* Requirement *
Could you copy exactly the lines below from the one with "首先,在 Checkpoint 期间会产生四倍的大规模数据拷贝,即:从" to the one with "Bluză seamless, cu", inclusive, leaving out any pictures?

━━ Provided data

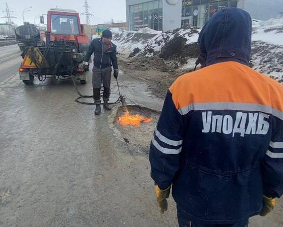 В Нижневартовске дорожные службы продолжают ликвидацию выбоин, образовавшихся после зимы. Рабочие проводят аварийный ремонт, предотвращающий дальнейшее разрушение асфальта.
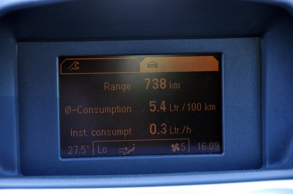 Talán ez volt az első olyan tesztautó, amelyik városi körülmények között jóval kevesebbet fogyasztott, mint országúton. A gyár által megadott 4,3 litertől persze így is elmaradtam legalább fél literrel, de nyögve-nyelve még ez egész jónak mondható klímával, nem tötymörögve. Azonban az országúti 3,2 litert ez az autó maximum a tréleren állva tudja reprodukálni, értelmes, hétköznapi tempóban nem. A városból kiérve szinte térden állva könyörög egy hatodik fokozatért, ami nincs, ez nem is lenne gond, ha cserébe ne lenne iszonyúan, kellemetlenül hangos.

━━━━
━━ Provided data

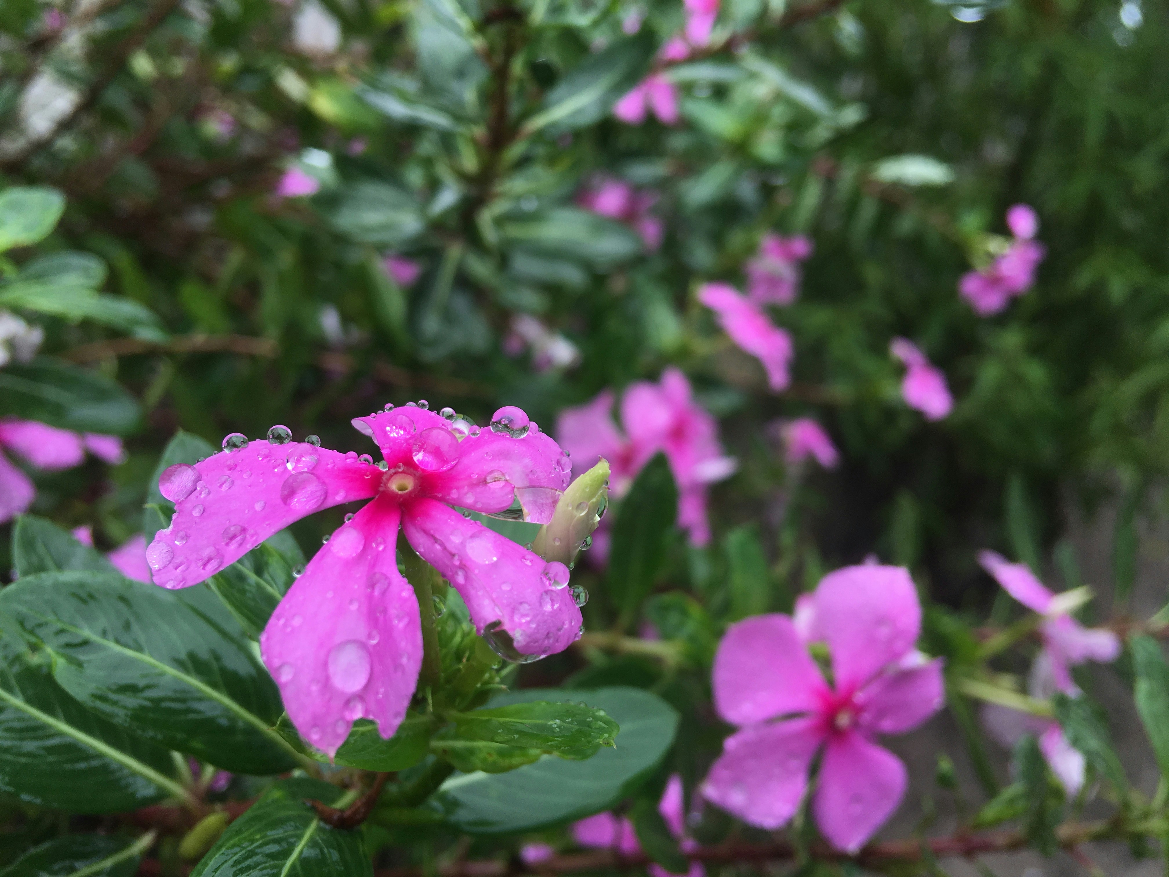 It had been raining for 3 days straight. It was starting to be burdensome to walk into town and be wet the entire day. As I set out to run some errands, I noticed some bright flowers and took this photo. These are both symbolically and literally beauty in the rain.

━━━━
━━ Provided data

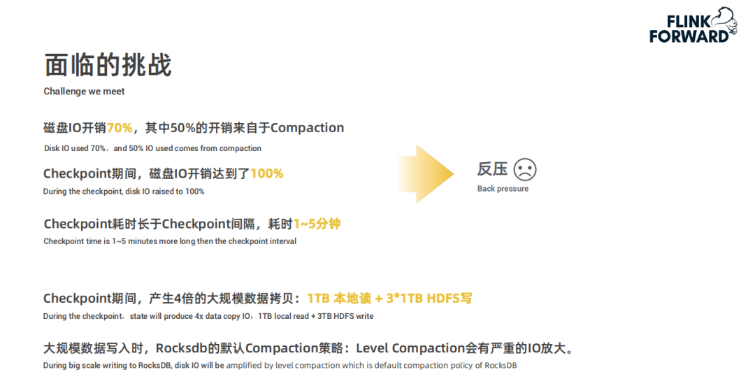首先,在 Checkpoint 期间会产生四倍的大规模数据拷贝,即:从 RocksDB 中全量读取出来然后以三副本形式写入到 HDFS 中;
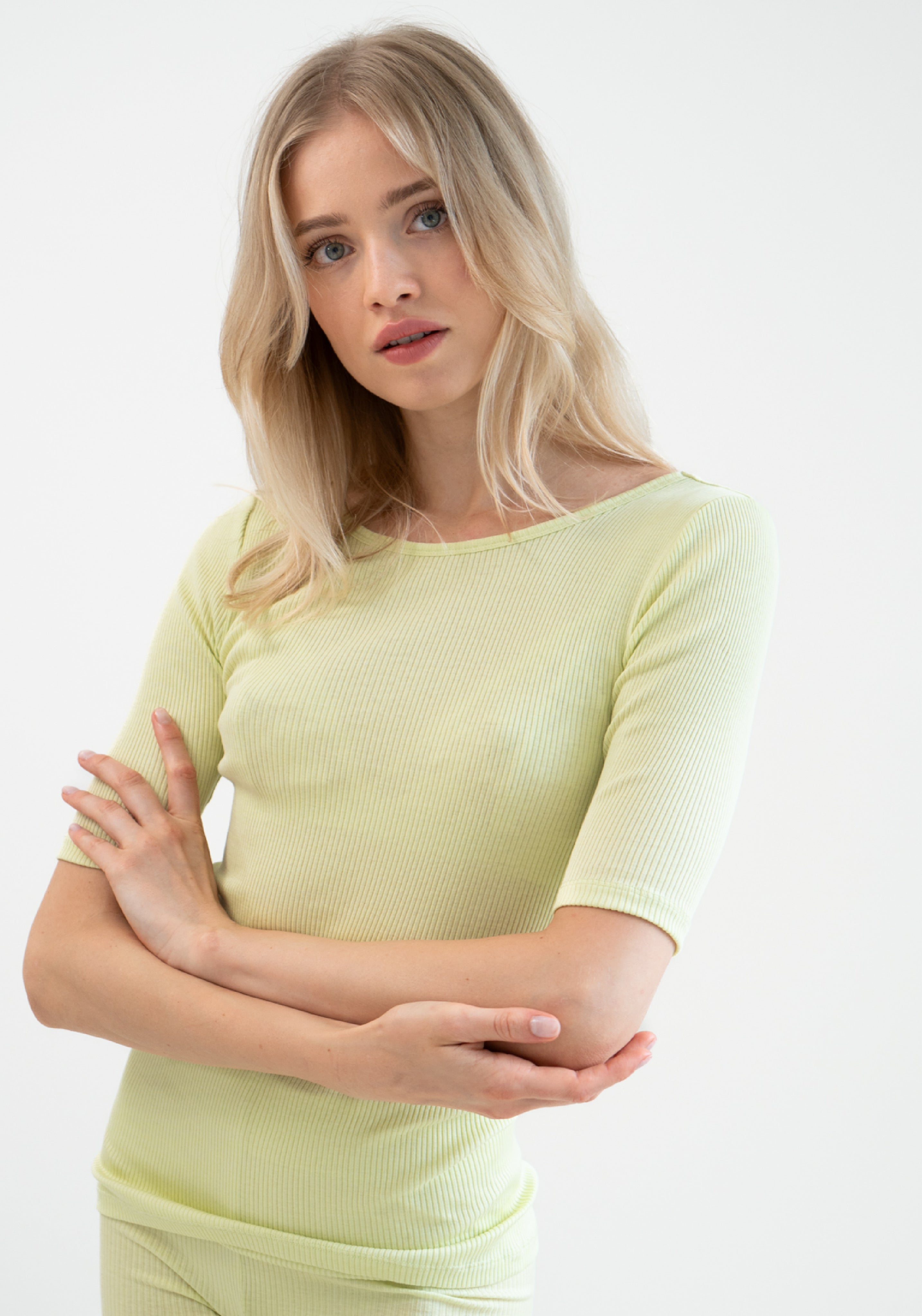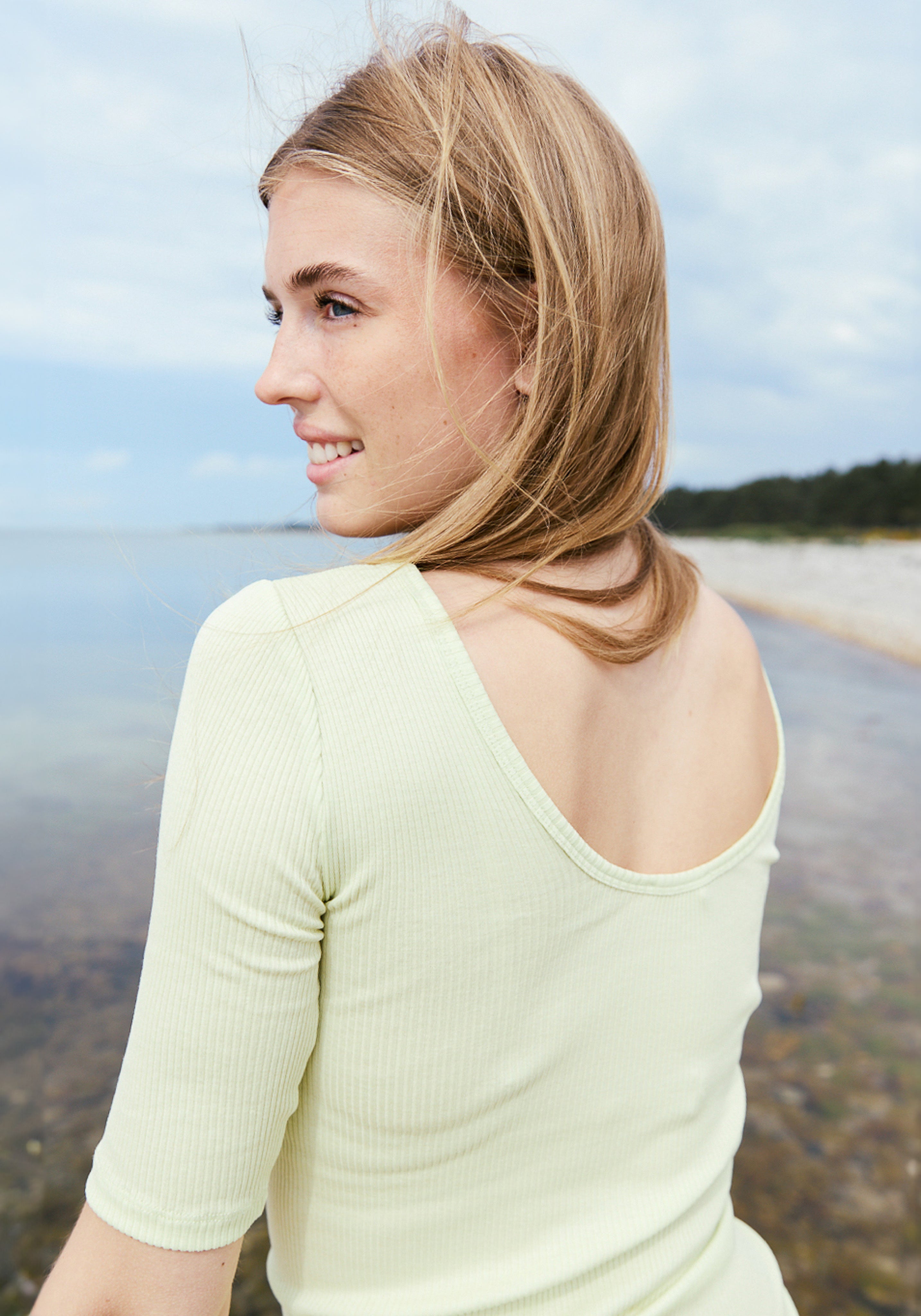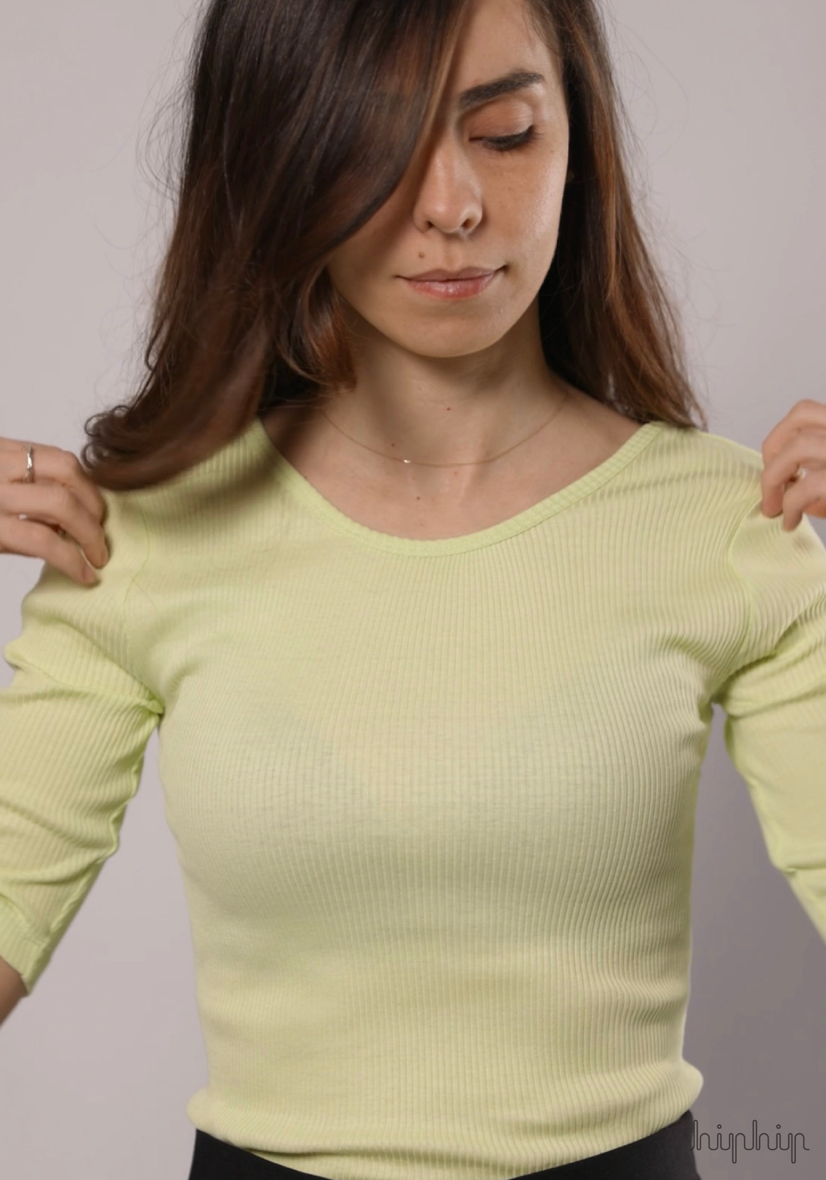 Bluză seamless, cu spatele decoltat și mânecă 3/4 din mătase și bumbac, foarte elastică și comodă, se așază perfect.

━━━━

* Output for this exercise *
首先,在 Checkpoint 期间会产生四倍的大规模数据拷贝,即:从 RocksDB 中全量读取出来然后以三副本形式写入到 HDFS 中;
 Bluză seamless, cu spatele decoltat și mânecă 3/4 din mătase și bumbac, foarte elastică și comodă, se așază perfect.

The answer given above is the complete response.